Im Pfarrhof bietet Angelika Göschl, die auch das Gebäude und den Garten in Schuss hält, Unternehmen Platz für Seminare, Workshops und Kamingespräche in inspirierender Kulisse. Doch rund ums Jahr finden hier auch Dorfveranstaltungen statt, man kann sie kaum alle aufzählen. Die Kirta-Musik soll hier wieder aufleben, Dirndl werden genäht und sogar die Ismaninger Schäffler haben vor dem Pfarrhof schon getanzt. Tradition ist ihr wichtig. „Kultur in Unterbrunn“ zeigt Filme; für den Obst- und Gartenbauverein, den Göschl 19 Jahre führte, ist der Pfarrhof die Vereinsheimat geworden, zum voradventlichen Markt werden im Laurentius Stadel Adventskränze und Gestecke gebunden und verkauft.
Der Männergesangverein hat zum Proben und Einsingen ein Ausweichquartier und auch der Bayerische Singtag war hier schon zu Gast; Kreisheimatpfleger Gerhard Schober hat von seinen Forschungen über Unterbrunn berichtet; Ludwig Thomas „Lausbubengschichten“ wurden von Hansi Kraus gelesen und zum Literarischen Herbst mit Elisabeth Carr und Gerd Holzheimer wurden Dichtkunst und Lieder vermählt. Rund um Ostern und zum Ostermarkt gibt es die Kunst-Eiersammlung zu sehen, die der Pfarrhof beherbergt.
Im Oktober 2015 hat Angelika mit „Zwickte“ – selbergmachten Kirtanudeln – das Seniorenkaffee im Pfarrhof gestartet. Weil wir ja lauter junggebliebene Besucher/innen haben, trifft man sich heute zum Pfarrkaffee.
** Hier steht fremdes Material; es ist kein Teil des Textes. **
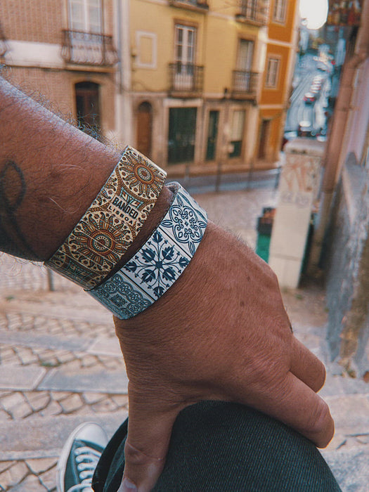 Unsere lebendigen "AZULEJO BANDEDS" sind inspiriert von den kunstvollen portugiesischen Steinfliesen, welche in wunderbarer Handarbeit gefertigt, hunderte Häuser und Böden schmücken. Wir empfehlen in der Hektik des Alltags ab und zu einen Blick beim Tragen darauf zu werfen und für einen Moment inne zu halten - beruhigt ungemein!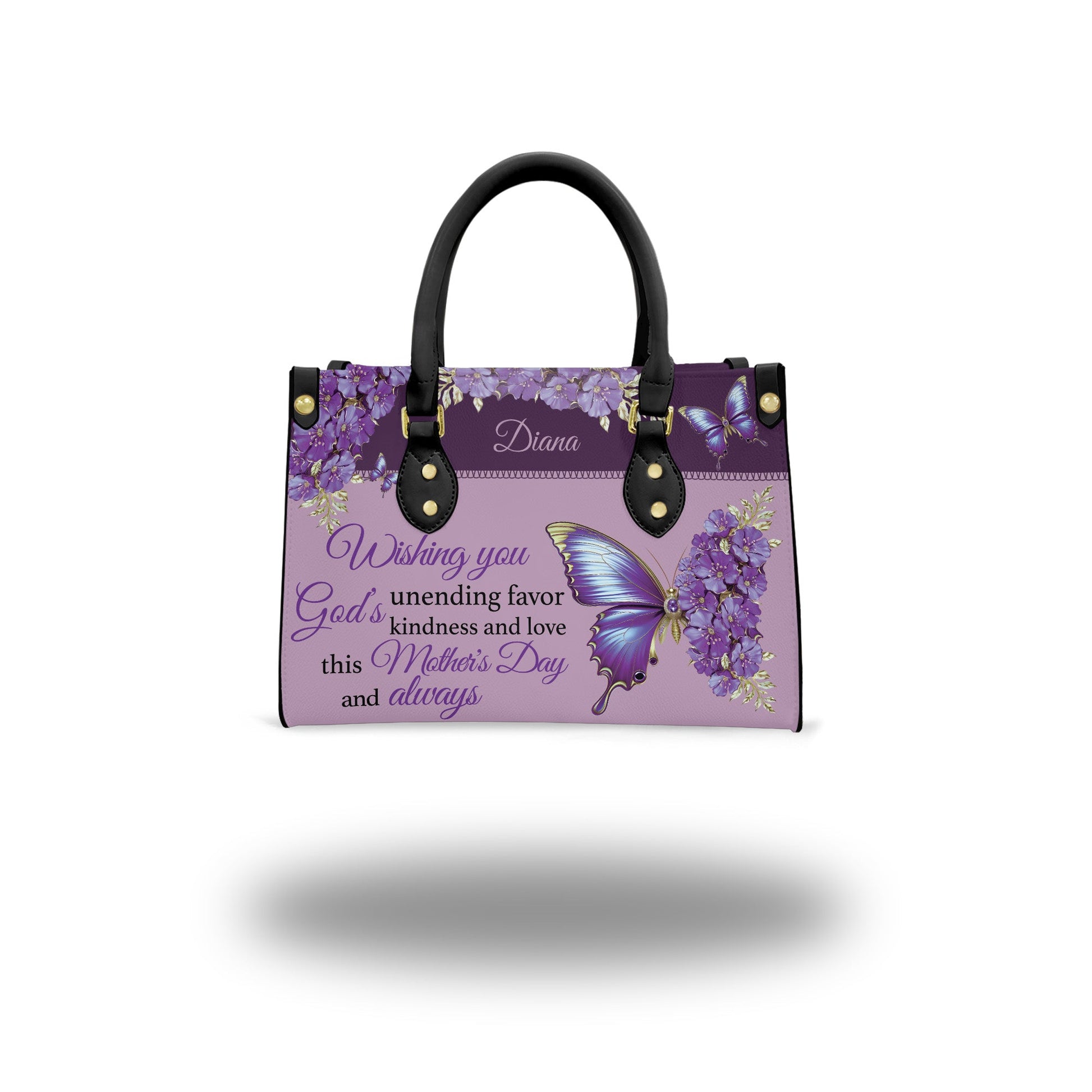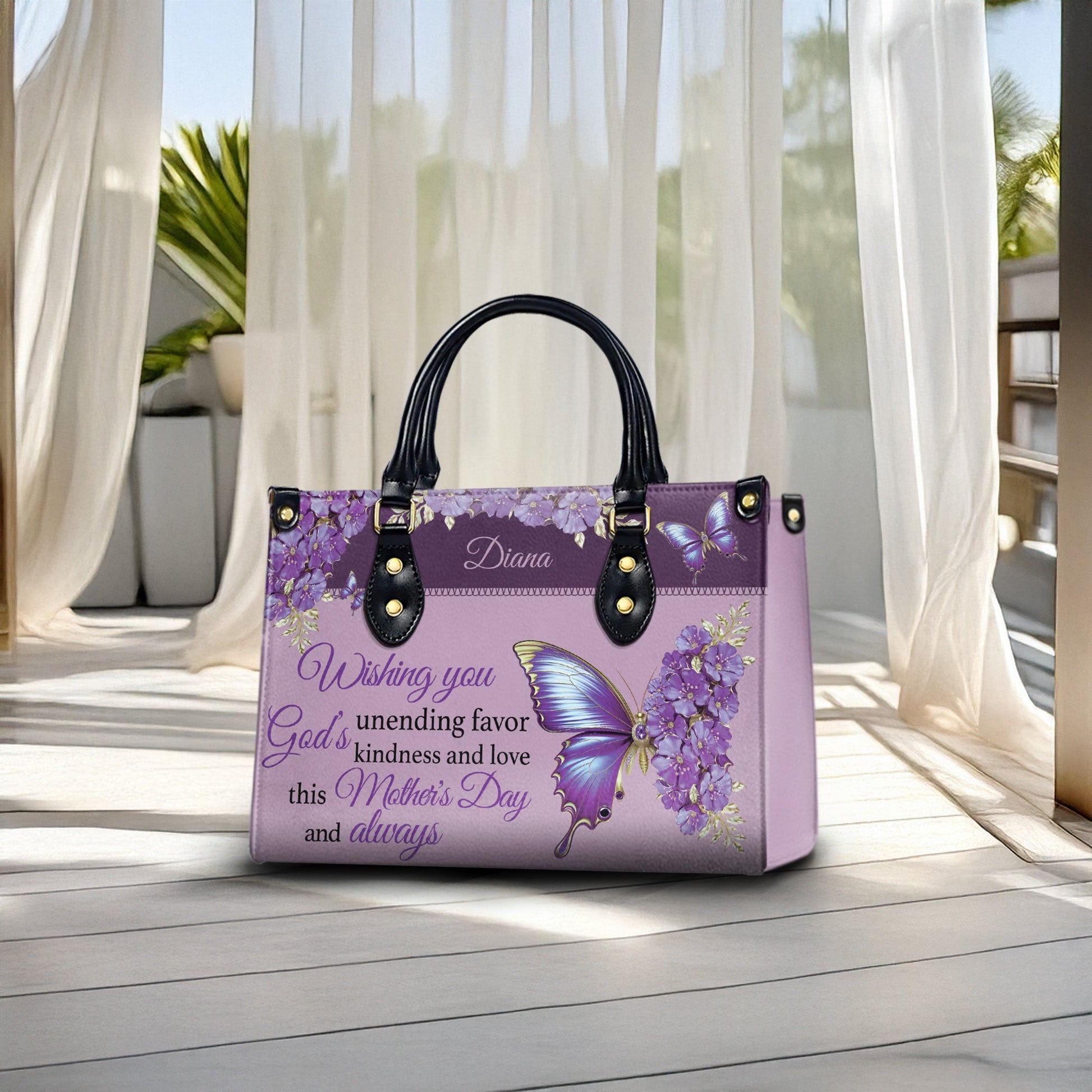 Make this Mother’s Day unforgettable with a beautifully personalized Christian handbag designed just for her. Adorned with elegant purple floral patterns, radiant butterflies, and heartfelt scripture blessings, this bag is more than just an accessory—it’s a daily reminder of God’s endless grace and your deep appreciation for Mom.

Auch die „Rosenheim-Cops“ haben hier schon zweimal gedreht. Schauspieler Dieter Fischer hat dabei den Ort ins Herz geschlossen, und macht Lesungen zur Weihnachtszeit. Zum Unterbrunner Christkindlmarkt findet man ein warmes Plätzchen im Laurentius Stadl und kulinarisches aus dem Backhäusl.

So ist der Pfarrhof zu einer Institution geworden, die aus dem Dorfleben nicht mehr wegzudenken ist.
Es gab auch schwierige Zeiten. „Zu Corona-Zeiten durften wir Hochzeiten mit zehn Personen machen, aber kein Coaching mit zwei Leuten“, erinnert sich Angelika. Um etwas mehr Platz für Abstand zu bieten, stellte sie mit Genehmigung der Gemeinde den Laurentius-Stadl im Garten auf, der sich schnell auch fürs gemütliche Beisammensein für Vereine etabliert hat, und so unersetzlich geworden ist. Ein Pavillon und das Backhäusl waren zuvor über die Jahre schon dazu gekommen. Geholfen haben da beim Auf- und Ausbau immer unsere Handwerksfirmen und Mitbewohner aus dem Dorf. „Des is Unterbrunn“, sagt Angelika.
Wenn die Gäste weg sind, alle Stühle aufgeräumt sind und die Arbeit getan, sitzt sie am liebsten auf der kleinen Treppe im Wintergarten, blickt durch die offene Tür in den Garten und schaut, wer auf dem Lohäckerweg spazieren geht.
„Eigentlich habe ich alles“, sagt die Angelika. Doch für das Zehnjährige in diesem Jahr hat sie natürlich schon viele Pläne. Roland Hefter wird spielen (6. Juni), sie ist ein großer Fan, und natürlich Roy (7. Juni), die schon auf vielen Dorffesten die Tanzfläche zum Beben gebracht haben. Geri, der Klostertaler, tritt dann am Sonntag, 8. Juni, auf. Der Pfarrer hat schon einen Feldgottesdienst zugesagt, und einige Paare, die hier geheiratet haben, werden natürlich auch wieder gern vorbei schauen.